Chanel, Blazy'nin Stüdyo, Atölyeler ve Maisons d'art ile devam eden bir diyalog yoluyla efsanevi moda evin kodları ve mirasıyla oynayabileceği konusunda oldukça eminiz. Üstelik Blazy'nin curetkar kişiliği, yaratıcılığa yönelik yenilikçi ve güçlü yaklaşımını da unutmamız gerek. Blazy gibi donanımlı bir kreatif direktörün ayrıca zanaatkarlığa ve detaycılığa olan bağlılığı, Chanel gibi tarihi bir moda devini yepyeni ve heyecan dolu bir geleceğe götüreceğinden emin olmak çok isteriz doğrusu.
Bu şüphesiz moda dünyasındaki en çok arzulanan iş pozisyonu olsa da aynı zamanda dünyanın ikinci büyük moda markası için yılda 10 koleksiyon hazırlamak ve sunmak büyük bir özveri ve muazzam bir disiplin gerektirir. Verilere bakılırsa bu son derece akıllıca düşünülmüş bir atama.

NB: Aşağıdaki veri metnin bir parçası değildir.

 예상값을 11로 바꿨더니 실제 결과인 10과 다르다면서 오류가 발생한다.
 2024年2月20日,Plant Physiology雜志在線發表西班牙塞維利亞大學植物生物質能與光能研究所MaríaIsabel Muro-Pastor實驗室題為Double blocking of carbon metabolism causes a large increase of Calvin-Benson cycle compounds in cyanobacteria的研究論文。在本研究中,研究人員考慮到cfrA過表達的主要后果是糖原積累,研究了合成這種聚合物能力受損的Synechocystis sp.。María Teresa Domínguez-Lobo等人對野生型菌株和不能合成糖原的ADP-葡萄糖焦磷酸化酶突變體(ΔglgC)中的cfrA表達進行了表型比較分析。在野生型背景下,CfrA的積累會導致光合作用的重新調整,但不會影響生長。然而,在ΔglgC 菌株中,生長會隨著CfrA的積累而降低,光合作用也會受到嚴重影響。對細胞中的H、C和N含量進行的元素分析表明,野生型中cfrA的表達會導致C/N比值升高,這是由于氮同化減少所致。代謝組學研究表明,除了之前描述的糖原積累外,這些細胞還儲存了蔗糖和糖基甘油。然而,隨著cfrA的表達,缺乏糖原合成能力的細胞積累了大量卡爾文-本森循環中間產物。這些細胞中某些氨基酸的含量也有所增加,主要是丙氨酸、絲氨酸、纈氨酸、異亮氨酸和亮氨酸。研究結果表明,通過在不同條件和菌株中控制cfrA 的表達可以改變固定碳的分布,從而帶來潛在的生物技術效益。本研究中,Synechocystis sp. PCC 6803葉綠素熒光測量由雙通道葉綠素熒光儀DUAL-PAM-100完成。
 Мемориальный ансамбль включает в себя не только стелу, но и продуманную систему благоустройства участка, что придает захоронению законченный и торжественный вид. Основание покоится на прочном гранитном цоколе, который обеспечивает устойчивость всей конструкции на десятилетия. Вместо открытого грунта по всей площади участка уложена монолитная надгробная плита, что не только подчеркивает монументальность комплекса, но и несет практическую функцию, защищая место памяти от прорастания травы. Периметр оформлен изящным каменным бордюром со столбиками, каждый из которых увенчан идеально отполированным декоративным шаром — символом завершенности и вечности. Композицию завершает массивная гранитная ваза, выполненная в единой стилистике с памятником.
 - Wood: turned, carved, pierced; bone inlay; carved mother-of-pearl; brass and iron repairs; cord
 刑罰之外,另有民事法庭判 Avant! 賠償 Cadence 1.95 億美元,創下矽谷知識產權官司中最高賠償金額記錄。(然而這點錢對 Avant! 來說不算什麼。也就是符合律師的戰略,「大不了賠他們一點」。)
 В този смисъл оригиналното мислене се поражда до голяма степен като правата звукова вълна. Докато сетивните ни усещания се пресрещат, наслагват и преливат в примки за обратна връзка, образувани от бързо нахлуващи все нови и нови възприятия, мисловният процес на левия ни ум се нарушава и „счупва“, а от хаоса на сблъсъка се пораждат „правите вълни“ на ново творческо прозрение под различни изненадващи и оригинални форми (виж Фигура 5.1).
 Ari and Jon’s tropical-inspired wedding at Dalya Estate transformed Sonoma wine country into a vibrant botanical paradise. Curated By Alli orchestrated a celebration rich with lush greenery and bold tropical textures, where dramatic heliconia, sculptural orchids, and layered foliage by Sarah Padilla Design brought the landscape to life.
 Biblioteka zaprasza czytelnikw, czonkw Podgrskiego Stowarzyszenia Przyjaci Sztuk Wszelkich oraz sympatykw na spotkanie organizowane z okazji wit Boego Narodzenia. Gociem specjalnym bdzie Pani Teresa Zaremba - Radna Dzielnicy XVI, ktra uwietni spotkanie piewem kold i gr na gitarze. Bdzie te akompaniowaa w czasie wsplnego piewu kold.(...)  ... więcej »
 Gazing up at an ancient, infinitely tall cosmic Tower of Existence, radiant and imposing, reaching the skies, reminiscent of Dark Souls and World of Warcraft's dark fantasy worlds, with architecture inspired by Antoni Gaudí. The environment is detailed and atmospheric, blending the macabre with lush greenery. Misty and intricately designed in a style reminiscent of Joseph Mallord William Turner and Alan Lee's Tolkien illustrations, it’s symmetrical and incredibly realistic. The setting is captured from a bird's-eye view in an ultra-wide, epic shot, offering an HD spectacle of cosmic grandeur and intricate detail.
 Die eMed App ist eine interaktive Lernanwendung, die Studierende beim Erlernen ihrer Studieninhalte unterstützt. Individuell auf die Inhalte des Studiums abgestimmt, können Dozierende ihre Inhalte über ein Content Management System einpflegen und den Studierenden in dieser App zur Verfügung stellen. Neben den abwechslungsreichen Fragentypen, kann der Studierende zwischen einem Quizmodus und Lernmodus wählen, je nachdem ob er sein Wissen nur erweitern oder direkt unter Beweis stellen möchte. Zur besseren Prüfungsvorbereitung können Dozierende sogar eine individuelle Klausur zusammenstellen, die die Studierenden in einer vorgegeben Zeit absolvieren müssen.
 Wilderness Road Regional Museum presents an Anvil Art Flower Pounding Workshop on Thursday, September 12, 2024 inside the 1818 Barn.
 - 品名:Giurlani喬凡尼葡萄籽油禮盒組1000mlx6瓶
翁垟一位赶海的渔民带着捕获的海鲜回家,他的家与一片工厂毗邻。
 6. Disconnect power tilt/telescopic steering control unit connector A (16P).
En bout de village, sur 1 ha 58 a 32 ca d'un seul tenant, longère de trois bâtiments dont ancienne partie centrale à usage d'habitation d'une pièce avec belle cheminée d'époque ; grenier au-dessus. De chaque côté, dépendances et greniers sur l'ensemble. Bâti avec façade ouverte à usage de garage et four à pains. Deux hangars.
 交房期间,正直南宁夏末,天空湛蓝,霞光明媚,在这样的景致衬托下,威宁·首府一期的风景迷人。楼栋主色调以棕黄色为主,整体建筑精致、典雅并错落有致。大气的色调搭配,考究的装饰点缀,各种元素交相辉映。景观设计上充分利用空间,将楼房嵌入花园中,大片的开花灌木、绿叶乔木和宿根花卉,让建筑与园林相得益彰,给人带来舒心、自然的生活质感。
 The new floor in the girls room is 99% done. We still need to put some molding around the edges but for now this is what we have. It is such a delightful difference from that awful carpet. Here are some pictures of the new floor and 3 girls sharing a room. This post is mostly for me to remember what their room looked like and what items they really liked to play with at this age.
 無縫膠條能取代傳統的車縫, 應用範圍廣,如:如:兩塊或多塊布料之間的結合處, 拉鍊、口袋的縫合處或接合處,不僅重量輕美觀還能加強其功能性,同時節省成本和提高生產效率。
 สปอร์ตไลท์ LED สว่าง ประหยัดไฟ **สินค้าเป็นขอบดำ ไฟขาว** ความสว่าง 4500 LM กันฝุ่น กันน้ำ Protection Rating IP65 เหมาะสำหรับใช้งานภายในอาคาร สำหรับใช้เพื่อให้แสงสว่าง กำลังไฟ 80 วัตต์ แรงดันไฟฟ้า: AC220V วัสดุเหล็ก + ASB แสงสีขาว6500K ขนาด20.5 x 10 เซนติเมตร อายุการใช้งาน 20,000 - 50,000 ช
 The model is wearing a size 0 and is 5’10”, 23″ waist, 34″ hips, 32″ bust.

İddialı bir ‘risk’ listesi
Genç neslin en saygı duyulan isimlerinden bazılarının altında sessizce çalışan Paris doğumlu tasarımcı, Phoebe Philo, Raf Simons, ve ardından 2021'de Bottega Veneta'daki atamasıyla aniden ünlendi. Blazy şimdiye kadar markaya dışardan katılan yalnızca üçüncü tasarımcı olarak tarihe geçti ve kendisi de Coco Chanel'i takip eden Karl Lagerfeld'in izinden gittiğini açıkça görebiliyoruz. Şüphesiz Blazy üzerindeki her türlü baskı şimdiden çok büyük olacağına benziyor. Hatta ilk koleksiyonunu üretmek için Ekim 2025'e kadar vakti var, ama en azından Chanel’in yönetimi markanın içine yeni bir kreatif direktörün yerleşmesi ciddi bir adım olduğunu ve bunun için epey bir zaman tanımaya hazır olduğunu da böylece gösteriyor ve Blazy'yi tam kadro olarak destekliyor. Öte yandan, yeni bir sanat yönetmeninin başarısı, gazeteciler, moda basını, etkili kişiler namı-diğer moda ve stil influencerlar ve ünlüler gibi aktif, baskın kültürel aracıların, yeni koleksiyonları nasıl algıladığına da bağlı. Kısacası, bu işin sonunda risk hep vardır ve bu yüzden özellikle Blazy'ye aşırı derecede ciddi bir efor ve mesai düşüyor!
Moda evleri, yönetmenin yaratıcılığını sergileyerek ve vizyonunu kamyonu için deşifre ederek bu zevk sahiplerinden onay almaya hep çalışır, lakin Chanel şimdi belirleyici bir an ile karşı karşıya. Diğer köklü markalar gibi, Chanel’in de kendini dikkatli ve yaratıcı bir şekilde yeniden icat etme ihtiyacı mutlaka var. Mirasına saygı göstermek en önemli husus olmaya devam ederken, Chanel'in büyük moda evleri arasındaki yerini korumasını sağlamak için cesur kararlar almasını ve belki de sıradışı koleksiyonları sergilemesi gerekebilir.
Neticide, bu hassas geçiş, markanın geçmişine sadık kalırken geleceğin zorluklarını da kucaklayan yeni bir bölüm yazması için aslına mükemmel bir fırsat.